The piece provides a nice lead-in to first single “Nerdy Dirty Talk,” with its synchronized percussion paradiddles. Stefan said, “The song is just a rhythmic figure that when applied to any instrument will sound composed in a harmolodic manner. It was the first song I composed for the band, and a celebration of sharing this dialogue and being influenced by our obsession with free jazz nerdism. It was a revelation to find one another because it’s such a particular musical medium. So yeah, it’s a party song.”
Gonzalez’s “Shedding Tongues,” the most complex construction here, begins with a Frerck pizzicato solo that ventures into Mingus/Haden territory before the vibes state the waltz-time theme. Gradually but inexorably, the pulse shifts from waltz to staccato gallop to 4/4 swing to a section where Canate conjures the spirit of Tony Williams playing “Rat Patrol shit” behind ‘60s Miles Davis, before the waltz returns.

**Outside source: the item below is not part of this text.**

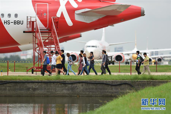 6月29日,在泰国曼谷廊曼机场举行的一场反恐搜爆演练中,“乘客”们在所乘客机解除“炸弹威胁”后重新登机。当日,为应对潜在恐怖袭击威胁,泰国首都曼谷廊曼机场举行反恐搜爆演练。在演练中,有不明身份人员打电话至廊曼机场,称一架代号为333的空中客车A-320客机内被安放了爆炸物。机场方面在接到电话后与搜爆部队合作,疏散乘客和机组人员,并对机舱和乘客行李进行爆炸物侦测,排除爆炸威胁后重新引导乘客和机组人员再次登机。新华社记者李芒茫摄

The tune, Stefan said, “is about validating LGBTQ people and meeting them where they are and how they want to be seen, considered. Shedding our tongues of the tendency to need a gender designation right off the bat of any given social interaction. It’s also just about how language changes over time and trying to keep up. More than anything, it is my song of solidarity to the LGBTQ community as a non-binary person. That’s why there are so many moods in the song. It encompasses a wide range of emotions that hopefully communicate our ability to be multi-faceted in gender and sexuality. I think of our kind of jazz as non-binary. It’s tied to a tradition and a protest of tradition. It has macho and feminine moments. It has solely human moments too. It is not one thing. We humans, regardless of assigned gender, are by nature a combination of both masculine and feminine, and the grey areas in between.”

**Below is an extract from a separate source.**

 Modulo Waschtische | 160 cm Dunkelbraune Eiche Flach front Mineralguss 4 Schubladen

Summing up their thoughts on album and band, Stefan said, “I really love that this band brings an energy that is beautiful, catchy, intense, free, structured, highly sentimental but also ready to burn the whole establishment down. I really wanted all those things included in this band’s repertoire.” This record is the sound of Trio Glossia striking a blow for freedom of all kinds – and the stunning debut of two powerful new jazz voices: Matthew Frerck and Joshua Canate. Listen now and say you knew them back when, later. And catch their release show at Full City Rooster on March 1.